*** Extracted records

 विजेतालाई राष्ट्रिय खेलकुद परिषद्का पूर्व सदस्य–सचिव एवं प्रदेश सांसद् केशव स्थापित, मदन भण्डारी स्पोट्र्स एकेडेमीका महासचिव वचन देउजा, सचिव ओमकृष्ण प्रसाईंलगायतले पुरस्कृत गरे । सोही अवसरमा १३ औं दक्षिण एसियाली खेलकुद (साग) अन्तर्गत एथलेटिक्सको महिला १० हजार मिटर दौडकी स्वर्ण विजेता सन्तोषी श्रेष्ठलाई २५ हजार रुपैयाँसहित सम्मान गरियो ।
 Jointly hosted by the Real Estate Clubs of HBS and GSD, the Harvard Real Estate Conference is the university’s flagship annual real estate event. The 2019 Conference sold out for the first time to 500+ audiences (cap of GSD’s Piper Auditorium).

******
*** Extracted records

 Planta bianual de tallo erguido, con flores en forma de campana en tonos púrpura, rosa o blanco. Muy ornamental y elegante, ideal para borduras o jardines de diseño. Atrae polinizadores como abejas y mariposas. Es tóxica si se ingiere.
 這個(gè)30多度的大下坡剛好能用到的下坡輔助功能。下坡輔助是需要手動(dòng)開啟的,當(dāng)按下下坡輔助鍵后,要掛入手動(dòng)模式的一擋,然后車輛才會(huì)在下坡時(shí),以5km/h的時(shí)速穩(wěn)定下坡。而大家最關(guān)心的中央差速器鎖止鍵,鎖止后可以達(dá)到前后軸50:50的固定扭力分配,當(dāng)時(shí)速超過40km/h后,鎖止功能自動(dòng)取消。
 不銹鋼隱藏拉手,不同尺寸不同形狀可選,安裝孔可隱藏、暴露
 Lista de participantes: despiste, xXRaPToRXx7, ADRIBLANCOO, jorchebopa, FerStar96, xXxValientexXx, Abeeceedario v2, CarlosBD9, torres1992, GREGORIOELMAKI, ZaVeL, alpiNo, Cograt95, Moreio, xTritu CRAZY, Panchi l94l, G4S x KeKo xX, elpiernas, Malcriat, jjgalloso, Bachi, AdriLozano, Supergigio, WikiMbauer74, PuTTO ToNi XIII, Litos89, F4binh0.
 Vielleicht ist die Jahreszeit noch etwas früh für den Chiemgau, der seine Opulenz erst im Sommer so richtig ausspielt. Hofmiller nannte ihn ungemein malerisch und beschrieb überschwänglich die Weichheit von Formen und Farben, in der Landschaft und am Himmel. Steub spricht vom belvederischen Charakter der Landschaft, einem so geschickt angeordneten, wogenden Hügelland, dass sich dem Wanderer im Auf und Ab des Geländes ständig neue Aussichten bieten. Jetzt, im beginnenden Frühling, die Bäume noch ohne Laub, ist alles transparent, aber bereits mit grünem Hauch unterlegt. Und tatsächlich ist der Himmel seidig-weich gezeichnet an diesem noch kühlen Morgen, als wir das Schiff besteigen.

******
*** Extracted records

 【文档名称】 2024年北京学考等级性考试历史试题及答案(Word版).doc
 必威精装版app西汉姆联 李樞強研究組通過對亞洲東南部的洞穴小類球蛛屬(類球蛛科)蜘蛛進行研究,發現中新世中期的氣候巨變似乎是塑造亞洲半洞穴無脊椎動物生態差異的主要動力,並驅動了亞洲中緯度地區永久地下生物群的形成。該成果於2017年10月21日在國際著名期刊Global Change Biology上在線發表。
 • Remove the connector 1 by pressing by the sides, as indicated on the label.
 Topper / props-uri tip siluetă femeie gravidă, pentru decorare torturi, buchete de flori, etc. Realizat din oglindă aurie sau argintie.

******

▶ What this task involves
Of the entries above, repeat exactly the lines between the line with "विजेतालाई राष्ट्रिय खेलकुद" and the line with "Jointly hosted by", inclusive, and no others.

▶ The answer
 विजेतालाई राष्ट्रिय खेलकुद परिषद्का पूर्व सदस्य–सचिव एवं प्रदेश सांसद् केशव स्थापित, मदन भण्डारी स्पोट्र्स एकेडेमीका महासचिव वचन देउजा, सचिव ओमकृष्ण प्रसाईंलगायतले पुरस्कृत गरे । सोही अवसरमा १३ औं दक्षिण एसियाली खेलकुद (साग) अन्तर्गत एथलेटिक्सको महिला १० हजार मिटर दौडकी स्वर्ण विजेता सन्तोषी श्रेष्ठलाई २५ हजार रुपैयाँसहित सम्मान गरियो ।
 Jointly hosted by the Real Estate Clubs of HBS and GSD, the Harvard Real Estate Conference is the university’s flagship annual real estate event. The 2019 Conference sold out for the first time to 500+ audiences (cap of GSD’s Piper Auditorium).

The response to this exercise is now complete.